Ab Mittag Kulturarbeit
Mit den ersten Lockerungen durfte die Galerie – wie andere – wieder öffnen, am 11. Juni begann die Ausstellung "Gift" von Julian Irlinger. Doch das Ganze sei auch jetzt nach einigen Monaten weiterhin relativ provisorisch, erzählt Smoszna. Der Empfangsbereich des Sozialamtes sei aus ehemaligen Schränken zusammengebastelt worden, die mit Glasscheiben versehen wurden. Schreibtische und Computer seien eigentlich das Büromobiliar der Galerie – die Angestellten des Sozialamtes nutzten diese nun auch. "Das führt dazu, dass die Mitarbeitenden der Galerie morgens nicht arbeiten können und danach auch im Ausstellungsraum arbeiten müssen", erklärt Maja Smoszna. Von 9 bis 11 Uhr werden hier nun Bedürftige zur Gewährung der Grundsicherung beraten, ab 12 Uhr öffnet offiziell die Galerie. Sie hatten Verständnis, dass während der Hochphase von Corona die Kultur eine kleinere Rolle gespielt habe, aber der Verlust des Raumes sei mittlerweile ein Verlust für die ganze Kunstszene, so Smoszna.
In einem Brief von Mitte Juli an den Bezirksbürgermeister von Mitte, Stephan von Dassel, äußerte der Arbeitskreis Kommunale Galerien Berlin Bedenken über die weitere Doppelnutzung.
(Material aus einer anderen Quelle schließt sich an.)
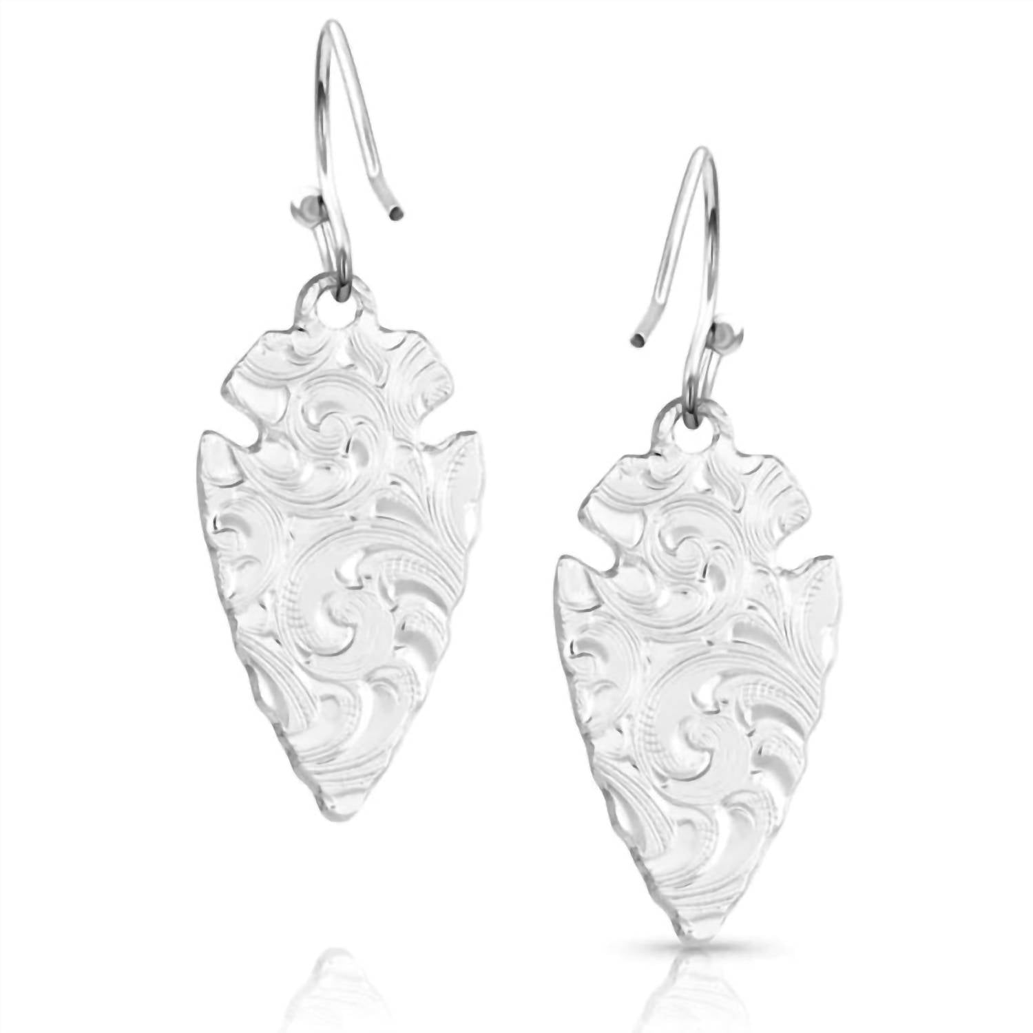 Classic earrings that will take you from season to season. Enhance your style with the Women's Chiseled Arrowhead Earrings by Montana Silversmiths, a stunning pair crafted with fine silver plating over brass. These earrings feature a beautifully chiseled arrowhead design that signifies strength and protection. They are secured with a hypoallergenic French wire, perfect for those with sensitive ears. Dimensions: width 0.44", height 0.84".

Ein geordneter Galeriebetrieb und Ausstellungen könnten nur eingeschränkt stattfinden. Dies gefährde eine der wichtigsten Kommunalen Galerien der Stadt, so der Arbeitskreis. In dem Brief wird zudem auf die Auswirkung auf die kommunale Kulturarbeit hingewiesen, dass Arbeitsplätze bedroht seien und Verträge nicht eingehalten werden könnten.
Das Amt für Soziales betreut nach eigener Aussage rund 17 000 Haushalte und Bedarfsgemeinschaften. Auf Nachfrage dieser Zeitung teilt das Bezirksamt mit, dass die nochmalige Verlängerung durch den Stadtrat bis Ende September allerdings – ferienbedingt – noch unter dem Vorbehalt der Zustimmung des Bezirksamtes stünde. Dennoch sei schon klar, dass es keine anderen geeigneten Räumlichkeiten als die der Galerie gebe. Es bedürfe einer engen Verknüpfung zwischen dem Frontoffice in der Galerie und dem Backoffice, also allen Einheiten des Sozialamtes, die am Standort Müllerstraße zentralisiert sind, so die Pressestelle des Bezirksamtes.
Schon vor der Pandemie hätten 20 Arbeitsplätze gefehlt, dazu kämen jetzt die Hygiene- und Abstandregelungen. Weitere Abstimmungen zur besseren Verknüpfung der "hybriden Nutzung" seien derzeit aber geplant.
Statement der Galerie
In einem am Dienstag veröffentlichten Statement auf der Homepage der Galerie fordern Leiterin Ute Müller-Tischler und Solvej Helweg Ovesen, verantwortlich für die Künstlerische Leitung, dass sie die Ausstellungsräume schnellstmöglich zurück möchten. Spätestens bis zum 1. Oktober, "um die drängenden Fragen zu dem gegenwärtigen sozialen wie ökonomischen ‘Kollaps’ durch ästhetische Sprachen formulieren und damit einhergehenden und immer dringender werdenden Auseinandersetzungen kreativ mitgestalten zu können."
Maja Smoszna betont, dass die Galerie für Zusammenarbeit mit dem Amt für Soziales offen sei, um eine Lösung für alle Seiten zu finden. "Es ist schwierig, weil wir nichts planen können", sagt sie am Telefon. Im August ist eigentlich eine neue Ausstellung mit dem Berliner Künstlerprogramm des DAAD (Deutscher Akademischer Austauschdienst) geplant. "Wir wollen einfach Klarheit, was mit dem Raum passiert", sagt Smoszna.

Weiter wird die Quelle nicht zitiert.